SPEAKING OUT: The AP's Jon Krawczynski noted that with Lynx F Seimone Augustus' "adopted home state of Minnesota considering a constitutional amendment that would ban gay marriage," she is "now becoming a vocal proponent of equal rights for gays." Augustus said, "I felt like it was the perfect time for me, being on a platform where I can make a change with my voice and my situation." The Lynx are "looking to become the league's first repeat champions in 10 years." Augustus also is "fresh off a gold medal at the London Olympics, so she's hoping to take advantage of her increased national profile to help influence the vote." Augustus and girlfriend LaTaya Varner "plan to be married in May" (AP, 10/15).
In Boston, Michael Silverman notes the Red Sox "will not raise ticket prices" for next season. Red Sox President & CEO Larry Lucchino in a statement said, "It was abundantly clear this year that we should hold the line on ticket prices." Silverman notes any "hike in ticket price, already the highest on average in the majors, would likely have been met with a revolt in the marketplace." That, in turn, would "make the club's already formidable task of maintaining its sellout streak more challenging." The Red Sox also said that Spring Training ticket prices "will be held at 2012 prices," and that the club will "retain special discounted ticket pricing options for clergy and active members of the armed forces" (BOSTON HERALD, 10/16).
BUYING THE BIRDS: Orioles Communications Dir Greg Bader said that the team's front office "has already received more deposits for season tickets this offseason than it had over the previous several years combined." In Baltimore, Jack Lambert notes one of the "more popular promotions from this year's season might not be back" in '13 though. The Orioles "cut bleacher ticket prices to $4 and left field lower box seats to $8 for the final few weeks of the season." The prices, which were "set to honor the anniversary of the Orioles opening of Camden Yard in 1992, helped the team fill the ballpark at the end of the year." Bader said, "It was to continue the celebration of Camden Yards. We weren't just slashing prices" (BALTIMORE BUSINESS JOURNAL, 10/12 issue).

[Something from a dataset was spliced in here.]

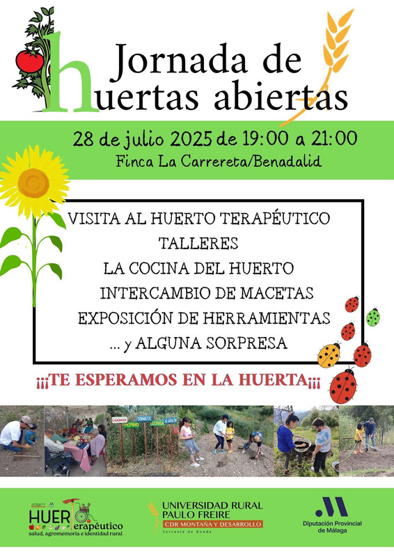 Jornada de Huertas abiertas en el Huerto Terapeútico de Benadalid. Te esperamos este lunes a las 19:00 en el Centro Social para contarte lo que hacemos entre los bancales de la Finca La Carrereta, por debajo de la Escuela.

JUST A MATTER OF TIME: In San Diego, Tod Leonard writes golfer Phil Mickelson is "still on target to have a stake in the ownership of the Padres." Mickelson last night said of his possible relationship with the team, "We'll hopefully have something here shortly to announce." Leonard writes all indications are that Mickelson "is in the final stages of negotiations to come on board with the new ownership." Mickelson: "There are a lot of little variables. It's the timing of everything as it relates to my career, how that will work over time -- how we'll work through that and so forth. All of that stuff plays into the whole relationship. We just want to have a clear understanding" (SAN DIEGO UNION TRIBUNE, 10/16).
THE TRIBE HAS SPOKEN: In Cleveland, Joel Hammond notes the Indians' season-ticket base "has decreased steadily since 2008, the year after the team was one game away from the World Series." That year, the Indians had "15,000 full-season equivalents, up 15.3% over 2007, when they had 13,000." But that base "dropped 22% in 2009, to 11,700, and 31% in 2010, to 8,000." Last season, it "dropped to 7,500 and this year is thought to be closer to 6,000." The team was last in MLB attendance "for much of the 2012 season, though it rallied late in the season and finished 29th, averaging 19,797 fans per game." Still, that was "a 13% decrease" (CRAIN'S CLEVELAND BUSINESS, 10/15 issue).